Brooke's Bits: Charles Goldman's SPAC has a 'unicorn' pitch• Why Fidelity's bitcoin ETF application might have a shot • Investment bank to RIAs makes amends with staff who cranked out deals in overwrought 2020
The ex-AssetMark CEO says his new gig is anchored by a well-oiled team • Fidelity has crypto heft and bitcoin's history moved a decade in a year • Moelis pays $10,000, in installments
Charles Goldman is now chairman of a publicly traded $240-million pile of cash overseen by a mafia of ex-iShares masterminds including a CEO who is a former colleague at AssetMark.
The ex-AssetMark CEO took the lead board position of FinTech Evolution Acquisition (FTEA), a special purpose acquisition company (SPAC) primed to acquire a financial technology company at a time when supply is high.
"The number of private global FinTech 'unicorns' has expanded by approximately 3.5 times since 2015," it writes in its S-1 filed with the SEC confidemtially on Jan. 12.
Rohit Bhagat is the SPAC's chief executive. Goldman first worked with Bhagat three decades ago at Boston Consulting Group (BCG) and hired him as a director at AssetMark in 2017.
In their SEC filing, the management group credits itself with a signature fintech win.

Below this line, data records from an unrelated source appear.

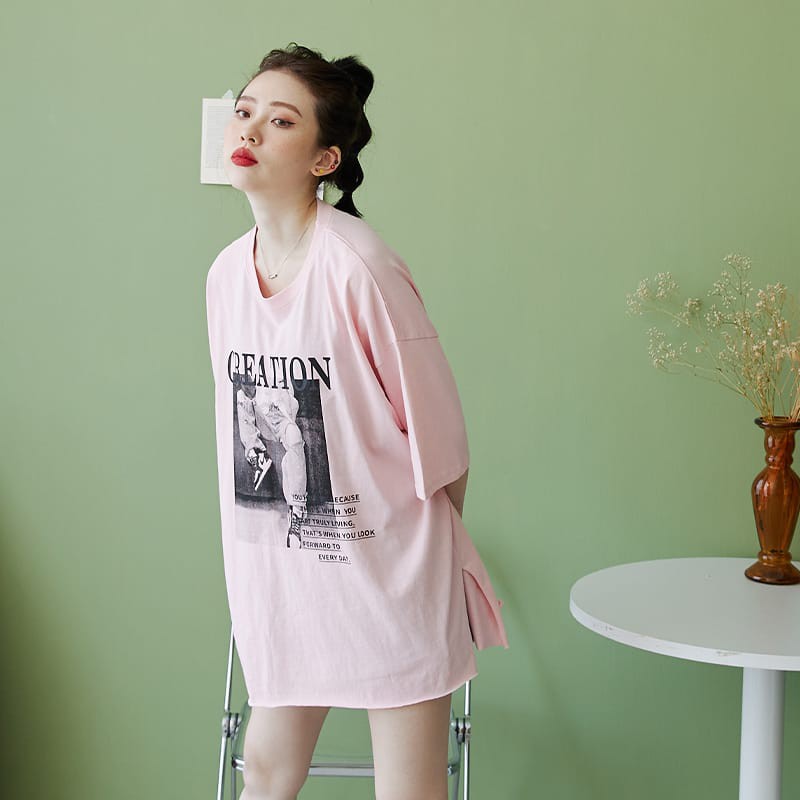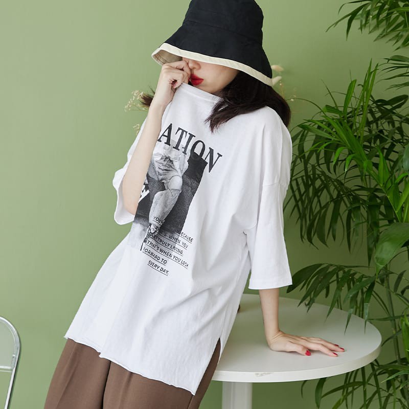Space Picnic|正韓-字母相片印圖寬鬆上衣【K21053009】
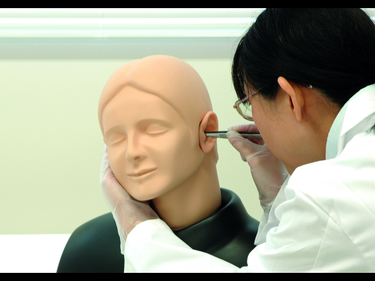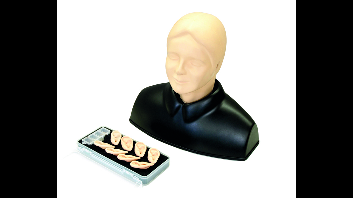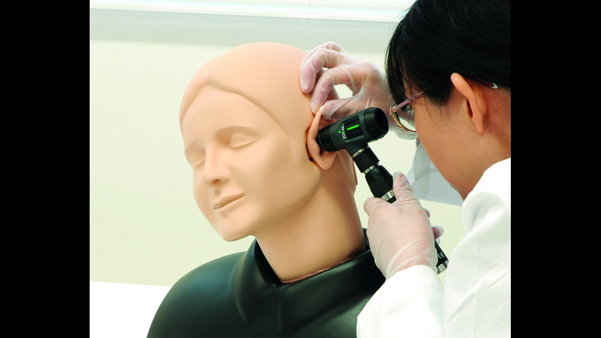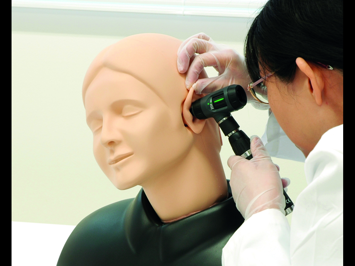 Kyoto Kagaku’s Ear Examination Simulator II is a life size model of an adult head and shoulders. The ear anatomy includes the external acoustic meatus and tympanic membrane for training in examinations with an otoscope and foreign body removal.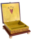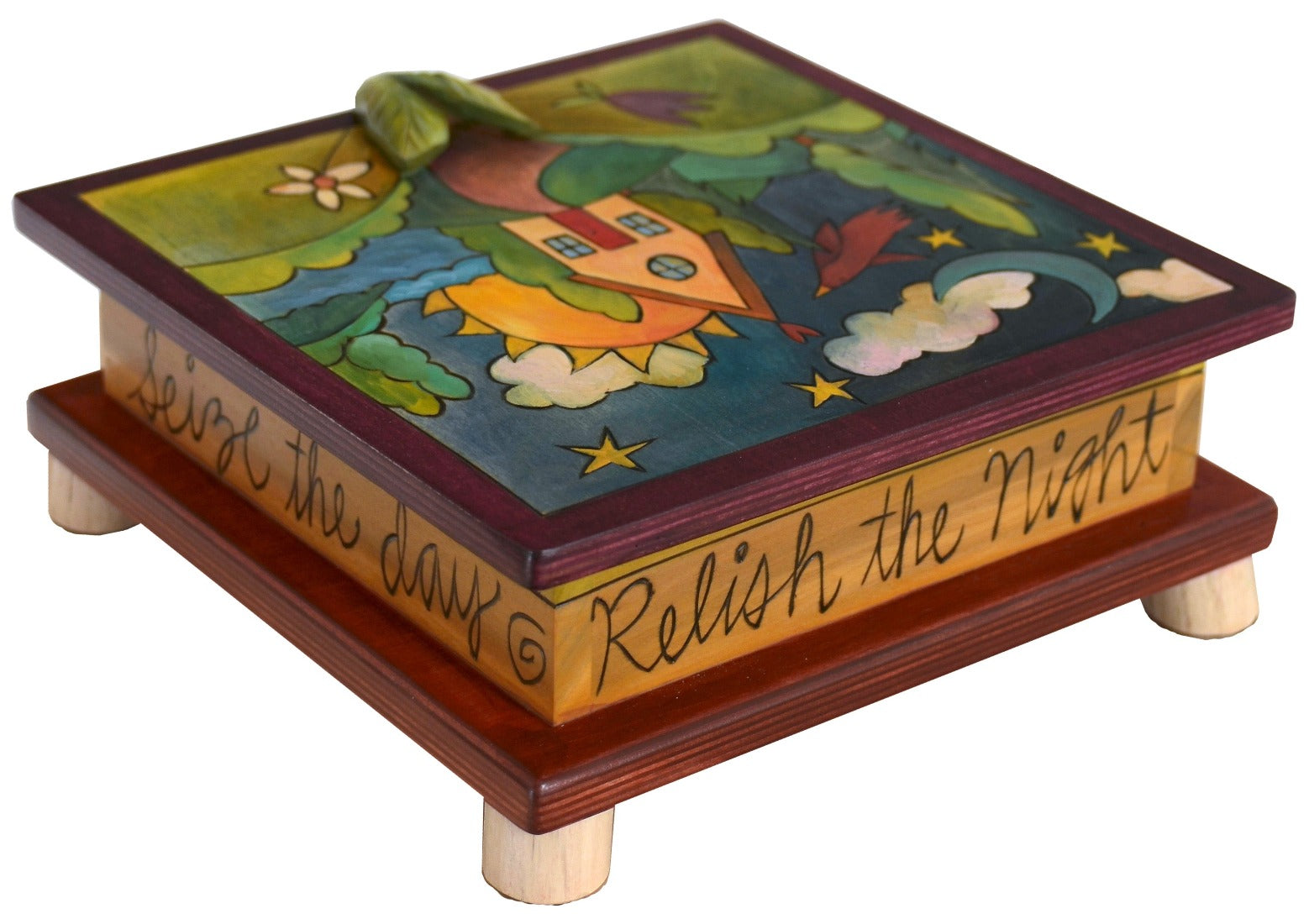 Lovely landscape with home in front of a lake design and "my stuff" inscribed inside the lid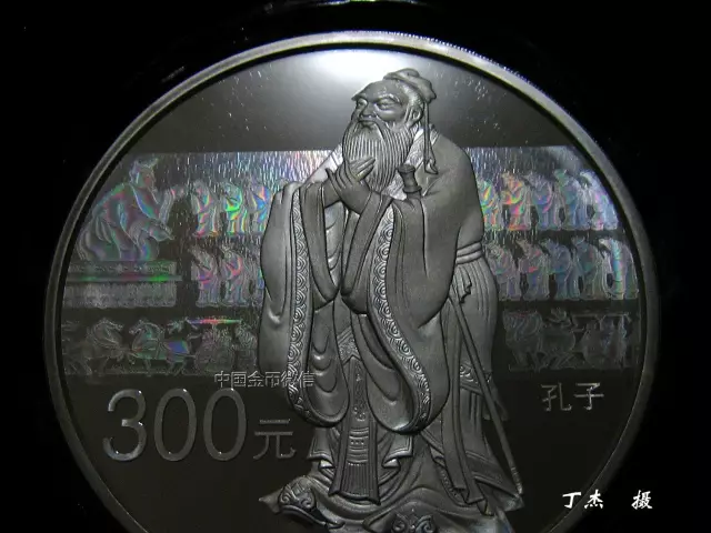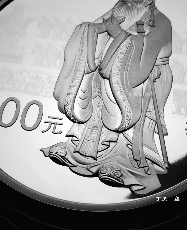 银币的塑造上,可以说是形象的洒脱与精神的谦卑并存,孔子作为两千多年前一个真实的历史人物,其精神世界的博大波澜,通过银币画面上这个人物的姿态曲线和面部表情被精妙地表达出来,呈现在我们面前的是一个真实的,属于历史的孔子。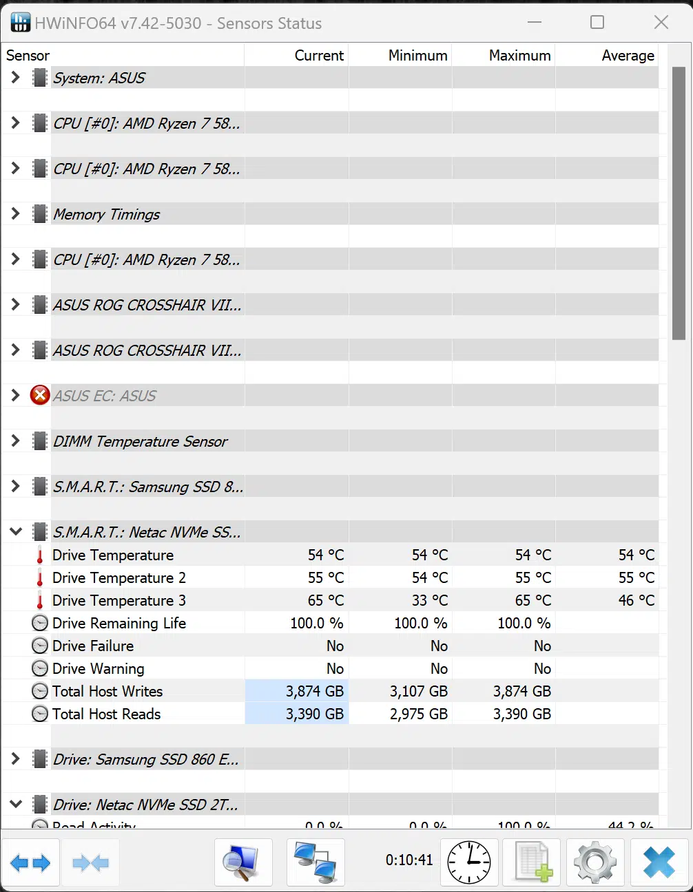 In general use, the temperatures were lower. In a more typical stressing of the SSD in more typical usage of reading and writing randomly for 10 minutes it only reached 65c as you can see in the screenshot of HWiNFO64. This puts it on the lower end of temperatures and is quite acceptable in general usage reading and writing random data for daily use. Only if you are stressing it as hard as possible for more than 20 minutes will you see temps rise to the mid 70’s, and that will not throttle with this heatsink in our testing.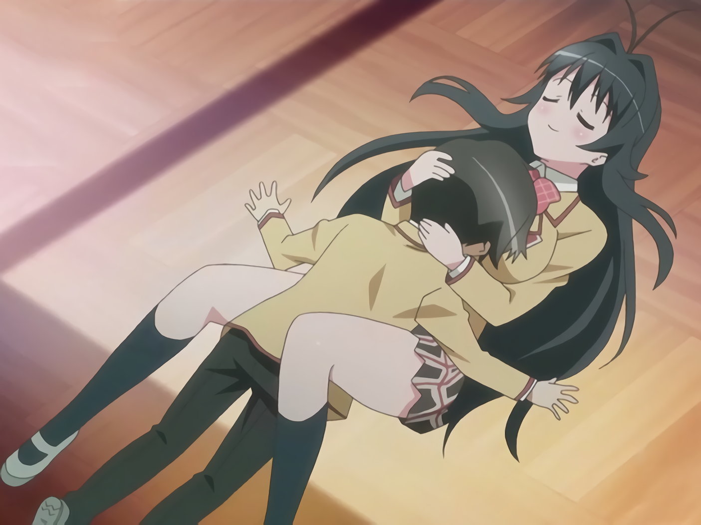 パンチラしながら、耕太に抱きつく、ちずると望。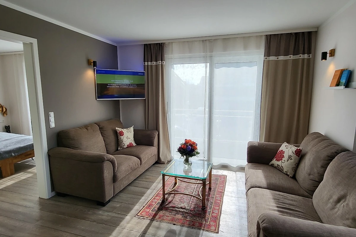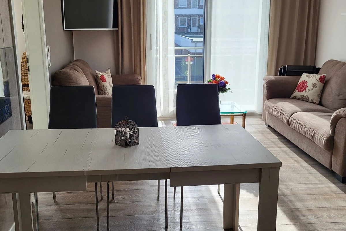 Ihre Ferienwohnung befindet sich in einem modernen Neubau im 1. Stock mitten im Zentrum von Grömitz mit bodenlangen Fenstern. Dadurch sind die Wohnungen sehr hell, sodass man das Gefühl hat, in einem Wintergarten zu wohnen.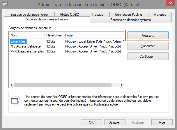 Un assistant s'ouvre... Dans l'onglet "Sources de données utilisateur" cliquez sur "Ajouter" sur la droite.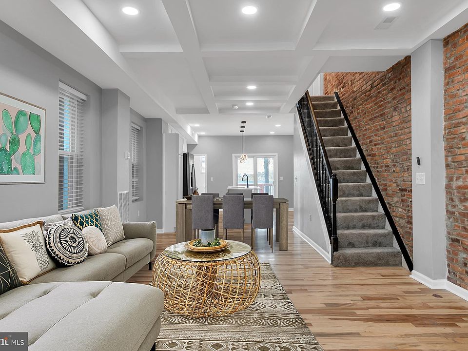 Get ready to fall in love with this gorgeous end-unit townhome hosting design-inspired updates. Upon entrance you are greeted by coffered ceilings, recessed lighting, an open floor plan with exposed brick wall and brand-new wood flooring. A spacious living and dining space flowing into the beautifully renovated kitchen which features granite countertops and breakfast bar, custom lighting, stainless steel appliances and modern white cabinets with a half-bath finishes out the main level. Just off the kitchen is the deck overlooking and accessing a delightful patio inside a completely fenced rear yard. The upper level includes 3 spacious bedrooms and 2 full bathrooms where the attention to detail was not compromised. Stacked washer and dryer, a full bath, luxury vinyl floor and an art deco chandler adore the hallway. Beautiful, finished basement with bonus room and a full bathroom. Easy on street parking! WELCOME HOME!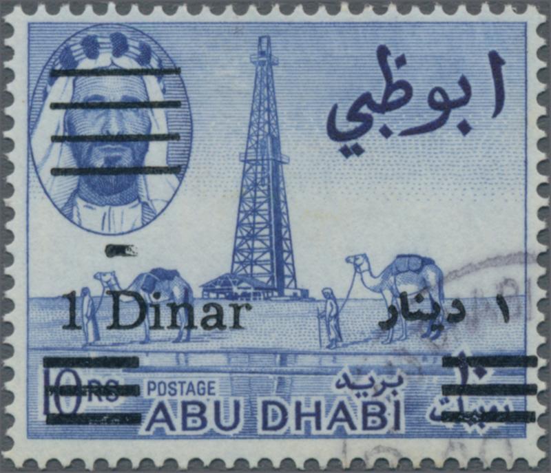 Abu Dhabi 1966 1d. on 10r. showing variety "short extra bar below portrait (R.7/3)", used with part Abu Dhabi c.d.s., fine. (unlisted by SG) Condition: o (used) Catalog number(s): SG 25a (Image)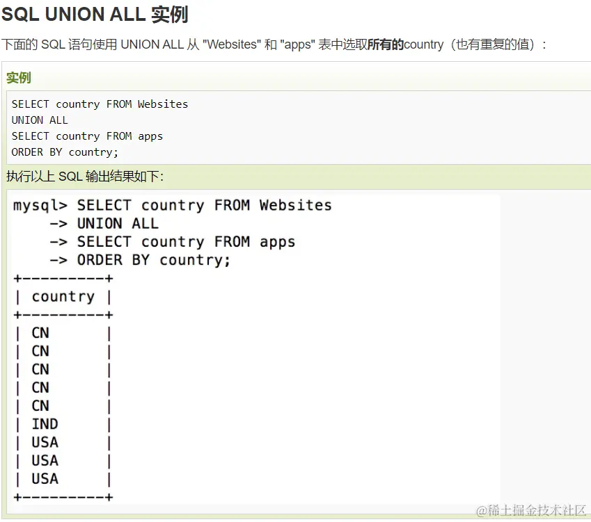 - Union All:不去除重复行,返回包含所有行的结果集,包括重复的行。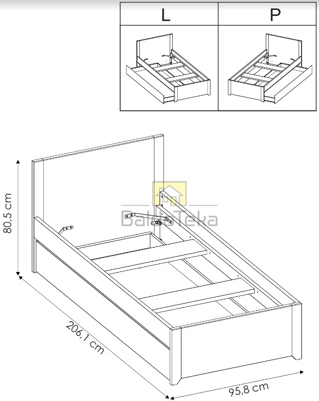 Lovos rėmo Ilgis/Plotis/Aukštis: 206,1/95,8/80,5 cm.
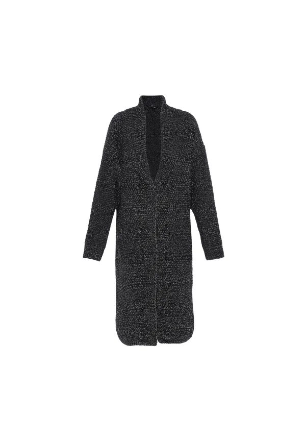Deze knielange jas is een verfijnde toevoeging aan je garderobe en heeft een structuurstof en een reverskraag voor een elegante touch. Met zijn losse, iets oversized silhouet biedt dit open ontwerp zowel comfort als stijl. Met twee zakken op heuphoogte en strakke lijnen aan de zoom, manchetten en opening aan de voorkant straalt deze jas een gestructureerde maar vloeiende elegantie uit. Ideaal voor wie op zoek is naar een chique en casual look met een vleugje verfijning. Vest trui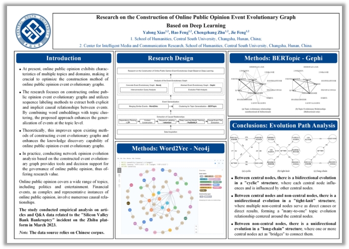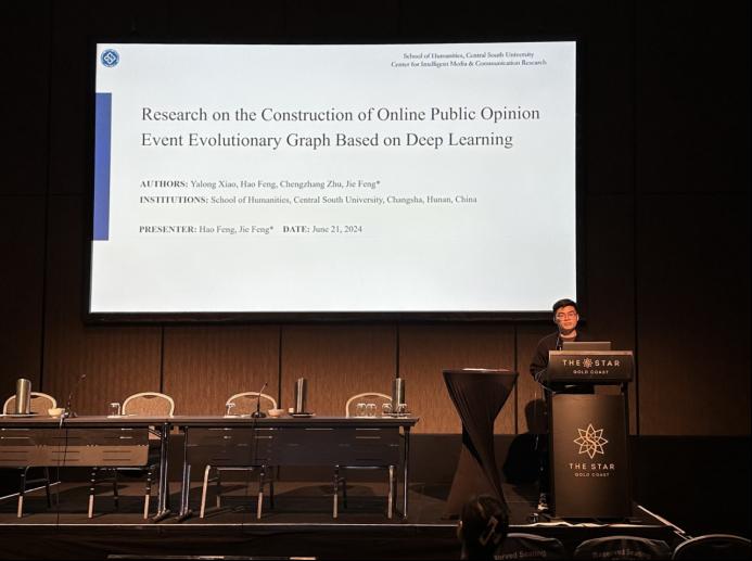 2024年6月20日至24日,第74届国际传播学会年会(74th Annual International Communication Association Conference,ICA 2024)在澳大利亚黄金海岸(Gold Coast)举行。公司智媒传播研究中心团队撰写的论文被大会“Information Systems”分论坛录用并作报告。论文标题:Research on the Construction of Online Public Opinion Event Evolutionary Graph Based on Deep Learning,作者:肖亚龙、冯皓(传媒系硕士研究生)、朱承璋、冯杰(通信作者)。

"We have known and worked successfully with each other for decades and have mutual trust and respect," it reads. "We have created significant value in our past responsibilities (for example, the sale of Barclays Global Investors (BGI) to BlackRock for over $13 billion)."
Bhagat's chief operating officer is Michael Latham, who was managing director at BlackRock and Barclays Global Investors. In 2009, Latham led the sale of iShares to a private equity firm for $4.4 billion, prior to BlackRock’s purchase of the broader business of BGI including iShares, according to DSEC documents. Under Latham, iShares launched more than 200 funds, assets under management grew to more than $1 trillion and revenues surpassed $3 billion.
"[Bhagat] worked with Barclays Global Investors as an advisor when he led the Financial Service Practice at BCG. So, Rohit knew those guys for a long time," says Goldman.
"I knew them because of the BGI/Schwab relationship back in the day when Lee Kranefuss was there. Lee, Rohit and I worked at BCG," he says in the email.
Kranefuss was the head of iShares and later helped found 55ip. See: After losing Lee Kranefuss and raising $10M, 55ip gets RIAs to buy Ph.D. smarts, though a critic calls it gussied-up market timing
Another senior advisor to the SPAC is Blake Grossman who served as the global CEO of BGI / iShares, until its sale to BlackRock in 2009 and he was chairman of Financial Engines when it was sold in 2018.
The seasoned group of executives who can work effectively together is what drew investors and what will convince "management teams" to accept capital in exchange for equity, Goldman says.
"Our angle, rather, differentiation, we believe, is that we know each other well and have a long history of trust among us." he says by email.
"We have a deep understanding of fintech, broadly, and a long history of creating value both as operators and board members.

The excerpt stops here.